Vol. 7, No. 5 Week of February 03, 2002

Anadarko, Phillips hope to declare NPR-A prospect commercial in 2002

Anadarko’s Pease expects company to spend $100 million in Alaska this year; applauds state’s royalty gas sale; says pipeline access critical to gas explorers

By Kay Cashman

PNA Publisher

Mark Pease, Anadarko Petroleum Corp.’s new vice president of international and Alaska operations, said his company expects to spend $100 million in Alaska this year. That compares to a total of $430 million spent over the last 10 years in the state, a signal that Anadarko’s “capital commitment to Alaska is growing,” he told Meet Alaska attendees Jan. 25.

It was especially significant since earlier this month Anadarko said it expected to cut its worldwide capital spending in half.

Pease had more good news.

He said Anadarko and its partner, Phillips Alaska Inc., hope to declare their Moose’s Tooth prospect in the National Petroleum Reserve-Alaska commercial this year.

The Moose’s Tooth discovery was announced May 21 by Phillips Alaska President Kevin Meyers and is approximately 20 miles southwest of the new 430 million barrel Alpine oil field.

Ownership in Moose’s Tooth and Alpine is split between Phillips at 78 percent and Anadarko at 22 percent. Phillips is the operator of both.

In the next few days, Anadarko expects to spud the Altamura No. 1 exploratory well just south of Moose’s Tooth. Anadarko owns 100 percent of the Altamura well lease.

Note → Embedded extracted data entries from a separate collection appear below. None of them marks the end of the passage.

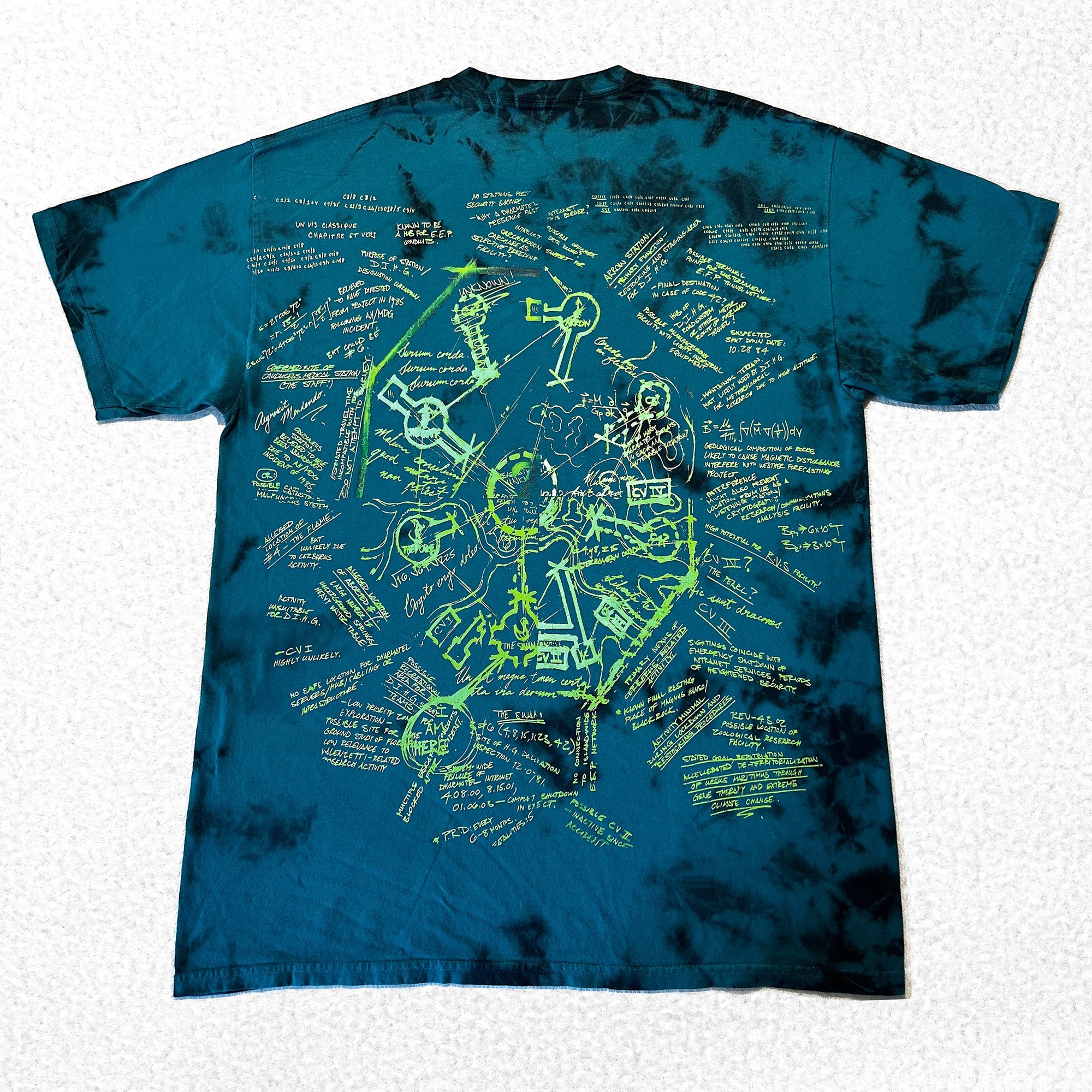 The LOST Blueprint Tee blends bold streetwear aesthetics with cryptic design. The front keeps it minimal with a clean LOST logo and overgrown graphic accent, while the back explodes into a chaotic map of handwritten notes, sketches, and symbols printed in neon green. The custom tie-dye wash in teal and black makes each piece one-of-a-kind.
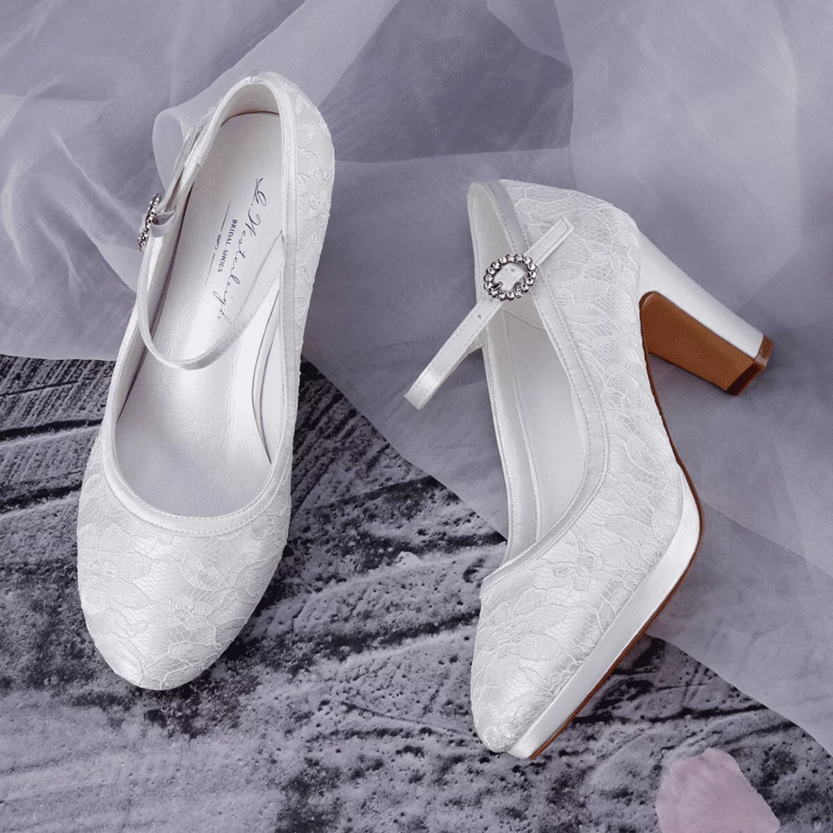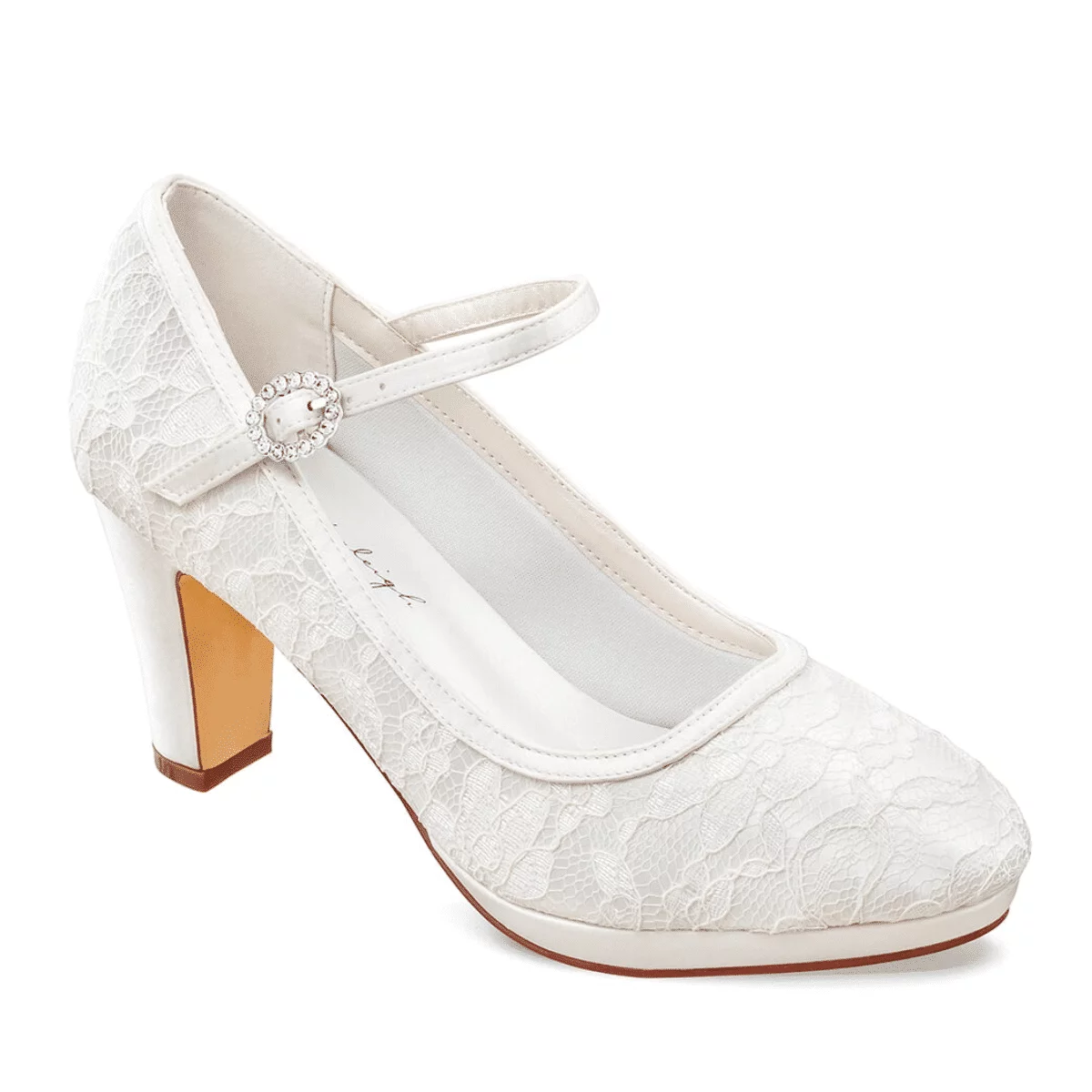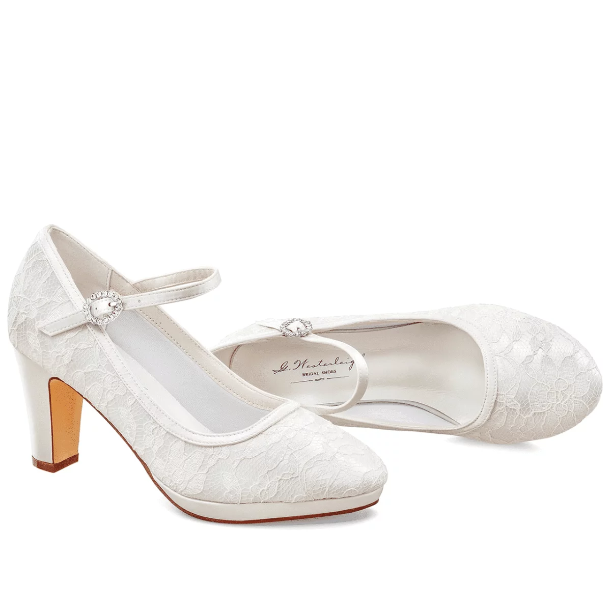 Die Innensohle besteht aus hochwertigem Leder und kommt mit einer weichen Gel-Polsterung für eine ideale Passform. Dadurch kann die Braut mit diesen Schuhen bequem laufen und stehen. Der hohe und stabile Blockabsatz von 7,5 cm sorgt dafür, dass die Brautschuhe Alessia von G. Westerleigh sehr bequem zu tragen sind. Die Brautschuhe Alessia sind aus hochwertigem Satin hergestellt und mit feiner Spitze überzogen. Eine ideale Wahl für jede Braut oder Brautjungfern, die im Mittelpunkt der Feier stehen möchte.
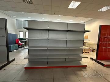 Scaffale in metallo grigio con prifli rossi composto da 3 unità indivisibili e con 5 ripiani.

“With the information from this well and some additional delineation wells we’ll drill with Phillips, we hope to be able to declare Moose’s Tooth commercial this year,” Pease said. If that happens it will be the first commercial discovery in NPR-A.

Anadarko an Alaska operator for first time

Anadarko is the operator at Altamura — the first time the company has operated on the North Slope, despite the fact it has the second-largest acreage position in Alaska, with access to nearly 2 million net acres of state and federal leases, as well as exploration rights on land in the Brooks Range foothills that is owned by Arctic Slope Regional Corp.

Phillips is Anadarko’s partner and the operator “in a little less than half” of Anadarko’s acreage in NPR-A and in the central Arctic, Pease said.

But Anadarko is the operating partner for the rest of its properties, which are mainly in the Brooks Range foothills. Alberta Energy Corp. and BP Exploration (Alaska) Inc. are equal partners with Anadarko in most of the foothills area, he said.

Expects to drill in foothills next winter

“We’ll be conducting company-operated seismic work this winter for the second year in a row in the foothills — both 2-D and 3-D seismic,” Pease said. Anadarko hopes to drill its first prospects in the foothills next winter. (See related PNA story in the August issue.)

“Exploring new plays in the foothills will be a big departure from the location and direction of most of the activity Alaska has seen historically — which has traditionally been for oil in the coastal plain,” Pease said, noting that most of the foothills is believed to be gas-prone versus oil prone.

A pipeline to take the slope’s natural gas to market would result in gas exploration and field development, he said, which would create jobs, contracts for materials and services, and taxes and royalties to the state.

“If we make a commercial discovery, we’ll invest an estimated $1.8 billion or so to develop the field. A field development project could create roughly 75,000 jobs and generate as much as $10 billion in total economic impact for the state. That’s for a single field development,” Pease said.

“There’s the potential for additional development resulting from a large oil discovery or additional gas discoveries — as long as space is available in a gas pipeline. We’ve identified four separate prospects that we believe are good, solid candidates for drilling in the next few years, plus we have seven other leads that are in various stages of study,” he said.

Must have access to gasline

But Anadarko is not going to invest millions in gas exploration if it isn’t assured that it has space on a natural gas pipeline that ships North Slope gas to market.

“We have to ensure there’s space available on the pipeline for new gas discoveries — not just for the blow down at Prudhoe Bay,” Pease said. “This is critical to explorers like Anadarko, and other companies who may join the hunt for new Arctic gas in the future.”

The resource potential for new Alaska gas discoveries is “more than twice as large as the existing gas cap at Prudhoe,” he said. “But there won’t be any new gas exploration and development without assured access to a pipeline.

“To put it simply, if we can’t transport it to market, we’re not going to invest hundreds of millions of dollars looking for it,” Pease said.